何故か着いてきていた人体模型もカゴへと乗り込んだ。


__狭い。


まあ、仕方ないか。


「金次郎タクシー、発進」


「その呼称はやめたまえ」


 歩き出す速度は相変わらず速い。



 森を進んでいる途中だった。


「おい、止まれ」


 前から三人組の冒険者が現れた。


 視線は――ピグへ。


「オークじゃねぇか。
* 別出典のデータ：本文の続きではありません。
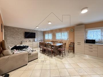 Al piano terra troviamo una generosa taverna ideale per cene conviviali o momenti relax, dotata di camino che dona calore all'ambiente ed è servita da bagno/lavanderia funzionale. Il garage doppio garantisce ampio spazio per auto e biciclette mentre l'area esterna pavimentata permette massima praticità e zero manutenzione verde.
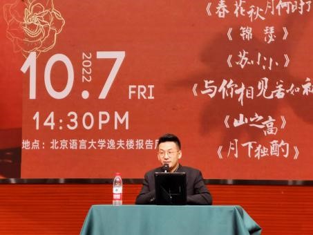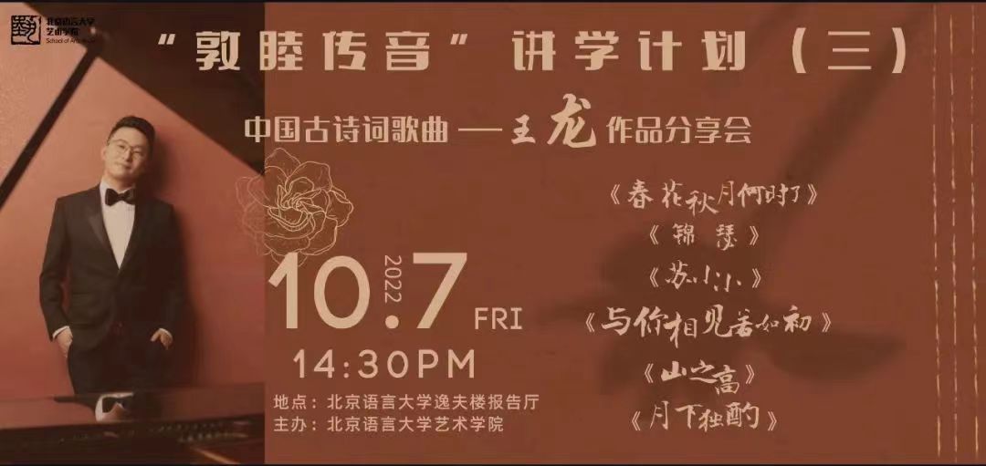 2022年10月07日下午2:30,中国音乐学院王龙老师受北京语言大学艺术学院之邀,莅临北语主讲的“中国古诗词歌曲——王龙作品分享会”在逸夫报告厅顺利开展。这也是北语艺术学院主办的“敦睦传音”讲学计划系列讲座第三讲。
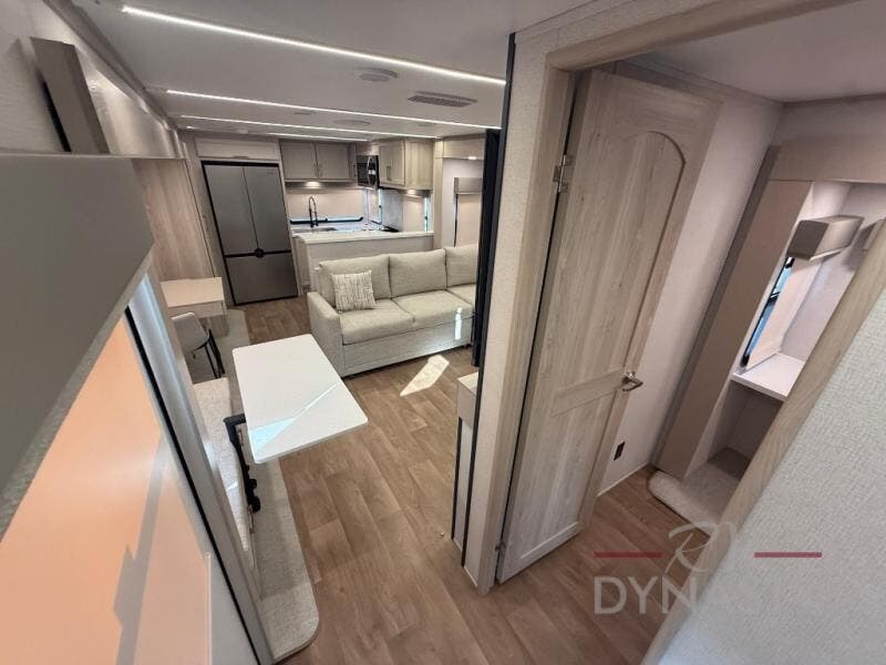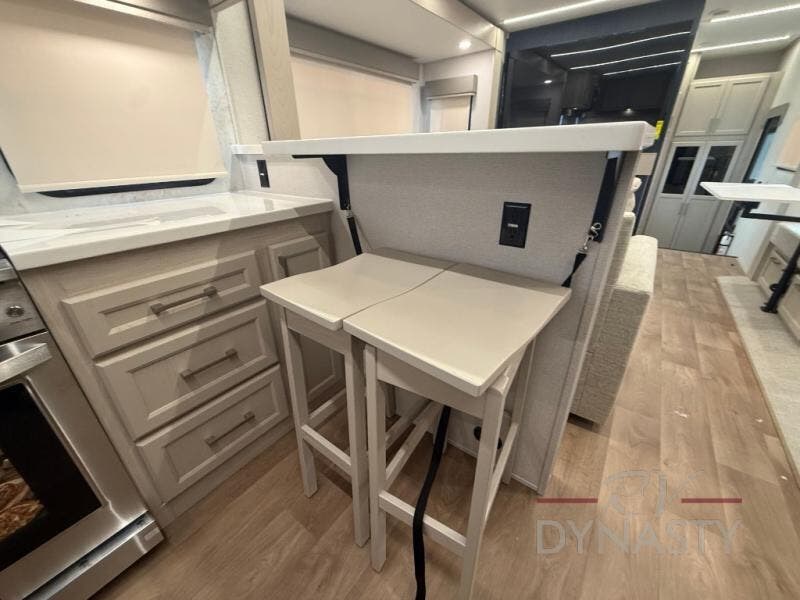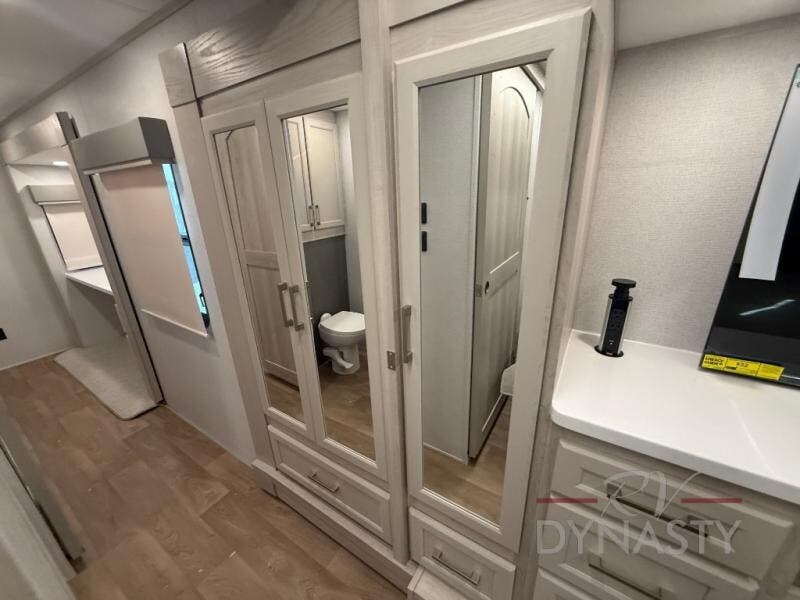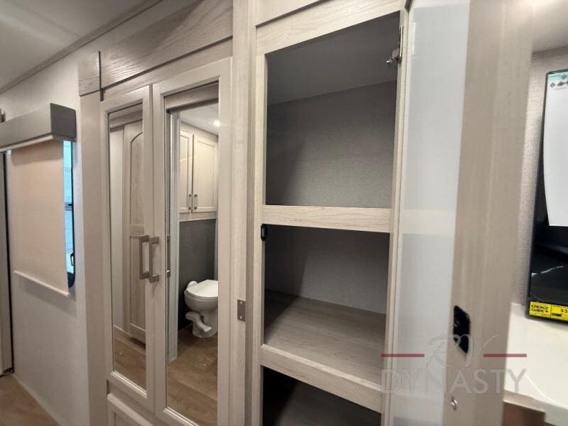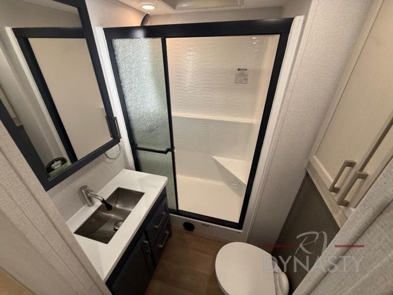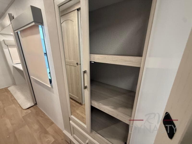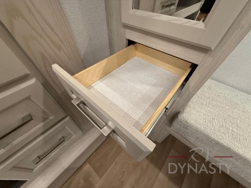 With the River Ranch fifth wheel by Forest River, you will love the practical living, ample storage, the optimum towability, and the lavish style found throughout! There is a 7' interior height and a 101" wide body for added space, plus large, tinted windows throughout, worry-free composite floors, and vacuum bonded walls with Azdel for durability. The mandatory River Package includes features such as an upgraded suspension, a screenless operating system with Bluetooth, and three A/C units to keep you comfortable. These fifth wheels also include the mandatory Ranch Package that comes with a stainless-steel appliance package, day/night roller shades, a fiberglass shower surround, plus residential style dinette chairs. There are many more features to love about the River Ranch fifth wheels, like the upgraded true solid surface countertops, the mirrored sliding closet doors, and the two-tone painted front cap!
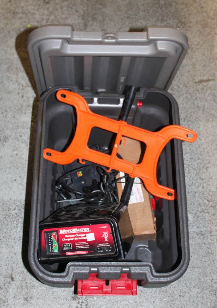 BIN OF BATTERY CHARGER, HITCH, TIMERS
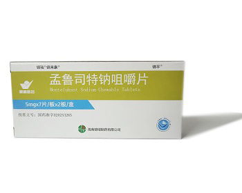 【药品名称】通用名称:孟鲁司特钠咀嚼片英文名称:Montelukast Sodium Chewable Tablets汉语拼音:Menglusitena Jujuepian【成份】本品主要成份为孟鲁司特钠。化学名称:[R-(E)] -1-[[[1-[3-[2-(7-氯-2-喹啉)乙烯基]苯基]-3-[2-(1-羟基-1-甲基乙基)苯基]丙基]硫]甲基]环丙烷乙酸钠。分子式:C35H35ClNNaO3S分子量:608.18辅 料:甘露醇、微晶纤维素、交联羧甲纤维素钠、羟丙纤维素、红氧化铁、阿司帕坦、樱桃粉末香精、硬脂酸镁【性状】本品为粉红色圆形片。【适应症】本品适用于2岁至14岁儿童哮喘的预防和长期治疗,包括预防白天和夜间的哮喘症状,治疗对阿司匹林敏感的哮喘患者以及预防运动诱发的支气管收缩。本品适用于减轻过敏性鼻炎引起的症状(2岁至14岁儿童的季节性过敏性鼻炎和常年性过敏性鼻炎)。【规 格】 5mg(按C35H36ClNO3S计)。
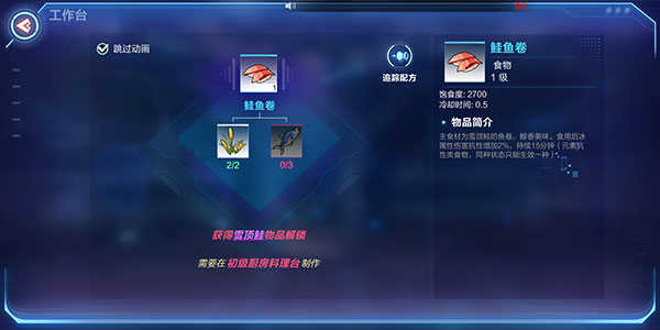 制作鱼料理的食材都是需要稀有鱼才可以制作,属于战斗食物,方便于战斗时使用。
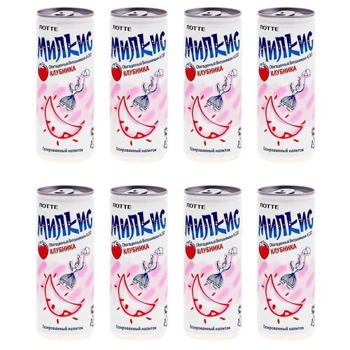 Напиток газированный безалкогольный Milkis (Милкис) со вкусом Клубники / 8 банок по 250 мл.
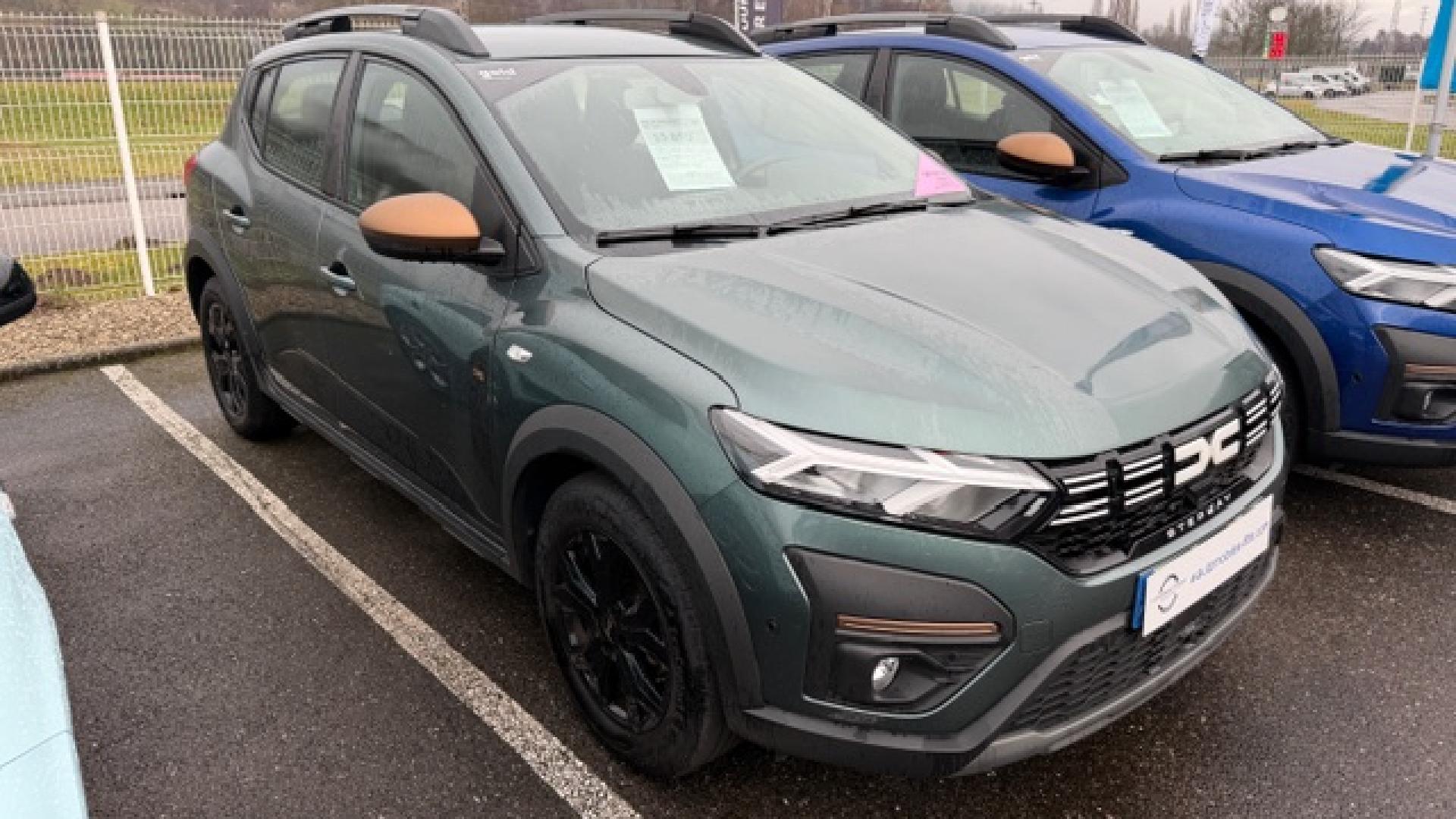 1 port USB-C pour l’arrièreABS avec aide au freinage d'urgenceAEBS Urbain + City : Système de freinage d'urgence avancé (piéton, deux-roues et intersection)Aide au démarrage en côteAide au stationnement arrièreAirbags conducteur et passagerAirbags latéraux épaules et rideauxAlerte de survitesse avec reconnaissance des panneaux de signalisationAlerte franchissement de ligne et assistant maintien dans la voieAntenne de toit « aileron de requin »Appel d'urgence - EcallBaguette décorative des antibrouillard Brun cuivréBanquette arrière rabattable et fractionnable 1/3-2/3Barres de toit longitudinales modulaires Gris MégalitheBoucliers avant et arrière ton carrosserieBouton "My Safety "Calandre avec inscription « Stepway » blancCaméra de reculCarte mains-libresCentre des aérateurs Cuivré et curseurs blancsChauffage et ventilation à 4 vitesses, avec recyclage de l’airClimatisation automatiqueCondamnation automatique des portes en roulantCondamnation des portes électrique avec télécommande à radiofréquencesConsole centrale haute avec accoudoir central et espace de rangementConsole centrale haute avec rangementsContour des aérateurs Fog GreyContours des aérateurs Gris fumé et curseurs blancsContrôle de pression des pneus ( TPMS )Design outdoor spécifique avec protections bas de porte et stickers latéraux avec motifs topographiquesDétecteur d'angle mortDétecteur de pluie et allumage automatique des projecteursDirection assistée électriqueDispositif d’antidémarreur éthylométriqueEnjoliveurs Brun Cuivré sur les panneaux de portes avantEnregistreur de données d’événements (accident)EPS : Contröle électronique de stabilitéExtended GripFeux arrière avec signature Dacia en YFeux clignotants latéraux répétés sur l'aileFeux de jour automatiques à LEDFrein de parking électriqueFrein de stationnement mécaniqueInscription « Stepway » Brun cuirvré sur les barres de toitJantes en aluminium 16” Mahalia noires avec logo Dacia Brun CuivréKit de gonflageLettrage Dacia arrière Brun CuivréLève-vitres arrière électriquesLève-vitres avant électriques conducteur et passagerLève-vitres conducteur impulsionnelle + commande côté passager avantLimiteur de vitesse avec avertisseur sonoreLunette arrière dégivranteMiroir de courtoisie côté conducteur et passagerNouvelle calandre avec nouveau Logo DaciaOrdinateur de bord : distance parcourue, vitesse moyenne, autonomie, consommation moyennePack NavigationPeinture Blanc GlacierPhares à double optique avec LEDPlafonnier avantPlancher de coffre à 2 niveauxPoignées de porte extérieures ton carrosserie de type réfrigérateurPoignées de portes intérieures Gris AcierPoignées de portes intérieures noiresPrétensionneurs de ceintures de sécurité (places avant et latérales arrière)Prise 12V à l'avantPrise USB avantProgramme Eco-modeProjecteurs antibrouillardRégulateur de vitesseRescue codeRétroviseurs extérieurs Brun CuivréRétroviseurs extérieurs réglables électriquementRevêtement en TEP Micro Cloud sur la planche de bord et les accoudoirs des portes avantSellerie spécifique Extreme TEP MicroCloudSeuil de porte avec motifs topographiquesSiège conducteur réglable en hauteurSignature lumineuse à LEDSkis avant / arrière Gris MégalitheStripping ExtrêmeSupport smartphone amovibleSystème de contrôle de trajectoire (ESC) et fonction antipatinage (ASR)Système de fixation Isofix pour siège enfant aux places latérales arrièreSystème de surveillance de l'attention du conducteurSystème Stop & StartTableau de bord avec décor fasciaTableau de bord avec écran numérique 3,5'' et compteurs analogiquesTapis caoutchouc avant + arrière avec motifs topographiquesVolant réglable en hauteurVolant réglable en profondeurVolant Soft Feel (TEP) avec nouveau logo Dacia
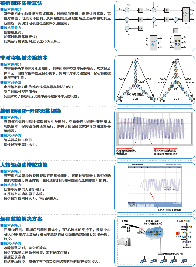 匯川技術致力于高性能高壓變頻器的探索,秉承對行業工藝的深入理解和對技術的極致追求,我們為橡膠行業帶來了全新的HD71密煉機專用高壓變頻器。HD71具備磁鏈閉環矢量算法、非對稱機械旁路技術、編碼器閉環-開環無擾切換、大轉矩點動排膠功能、遠程監控解決方案等優點,提高密煉機生產效率的同時降低能耗。大型傳動先鋒,共享卓越性能。
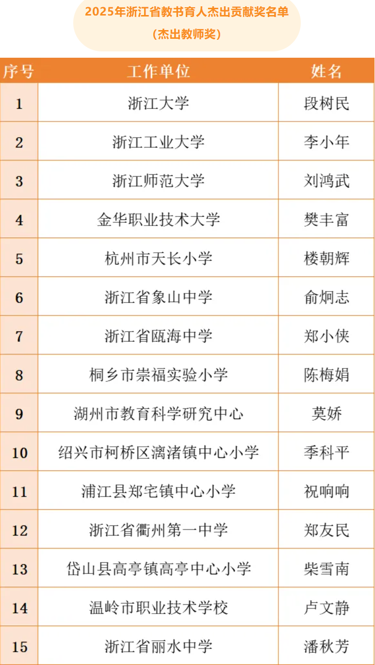 2025年浙江省教书育人杰出贡献奖包括省教学成果奖和省杰出教师奖两个项目,其中浙江省杰出教师评选旨在表彰在教育事业中作出杰出贡献的教师,评选条件包括政治素质、教育理念、教学成果、学术贡献等多方面要求;评选范围主要面向获得全国优秀教师、全国优秀教育工作者及以上称号的在职教师,或在浙“两院“院士。浙江省杰出教师一般每3年评选一次 ,每次表彰名额不超过15名。

討伐対象だろ」


 剣が抜かれる。


 ピグがびくっと縮こまった。


 反射的に前へ出る。


「待って!この子は――」


「どけよ兄ちゃん」


 剣が振り上げられる。


 考えるより先に体が動いた。


 ピグの前に立つ。


「だめだ」


 自分でも驚くくらい、声は落ち着いていた。


「この子は俺の仲間だ」


 沈黙。


 空気が張り詰める。



 その時。


 金次郎が一歩前へ出た。


「ピグよ」


 静かな声だった。


「守られた時、人は何と言うか知っているか?」


 ピグを見下ろす。


「……ぶ?」


「『ありがとう』だ」


 ゆっくり、はっきりと告げる。


 ピグは考え込むように口を動かした。


「……あ……り……」


 必死に音を繋ぐ。


 そして。


「……あり……が……」


 小さく、でも確かに。


 言葉になりかけた。


 冒険者たちは顔を見合わせる。


「……魔物が、喋った?」


 空気が変わった。


 剣が、わずかに下がる。



 ピグは俺の服をぎゅっと掴んだ。


 震えているけど、逃げてはいない。


 少しだけ誇らしそうだった。


「……行こうか」


 俺が言うと、金次郎が頷く。


「うむ。学びは進んでいる」


 こうして俺たちは――


 次の街へ向けて、再び歩き出した。